Industry expert Lei Yongjun told China's Xinhua news agency that for the "long-term safety" of China's dairy industry the Government should veto the partnership between Fonterra and Beingmate, which will involve the local cooperative purchasing a 20 per cent stake in the Chinese firm for around $615 million.

Beingmate and Fonterra will also set up a joint venture that will purchase Fonterra's Darnum manufacturing plant in Australia.

Lei said Fonterra already had control over "milk pools" in China through its farming operations in that country and securing access to downstream operations -- Beingmate's manufacturing capacity and distribution capabilities -- meant the New Zealand firm would gain too much power in the Chinese market, according to a translation provided to the Herald.

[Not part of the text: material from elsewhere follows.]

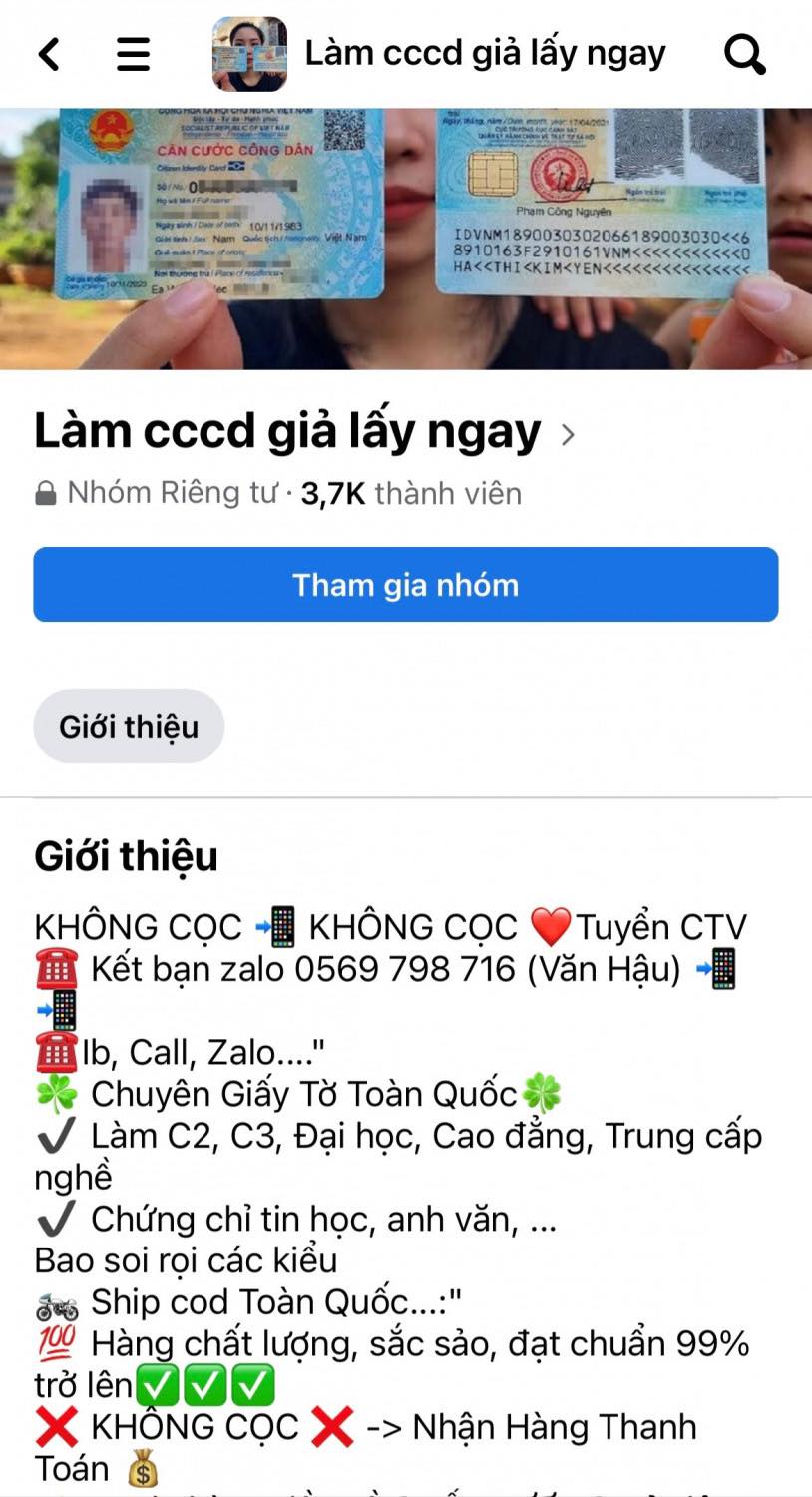 Cụ thể, ngày 06/9, Công an tỉnh Đồng Tháp đưa ra cảnh báo thủ đoạn “nhận làm thẻ CCCD giả” trên mạng xã hội. Động thái này được Công an Đồng Tháp đưa ra khi thời gian qua trên mạng xã hội Facebook, Zalo xuất hiện nhiều hội, nhóm quảng cáo dịch vụ “nhận làm thẻ CCCD giả”, “làm CCCD giả gắn chip phôi chuẩn 2023”,... thu hút hàng chục ngàn người tham gia, tương tác.

An interesting aspect of Lei's comments is the fact they were published through the Xinhua agency, which is viewed as the Chinese Government's official mouthpiece and is used by Beijing to promote the party line on big issues.

Fonterra hopes the partnership will greatly expand sales of its Anmum baby milk brand in China's booming infant formula market, where annual sales are expected to grow from the current $18 billion to $33 billion by 2017.

Beingmate has access to around 80,000 retail outlets across China, Fonterra has said.

Chinese infant formula makers Yili and Yashili are in the process of setting up manufacturing operations in New Zealand.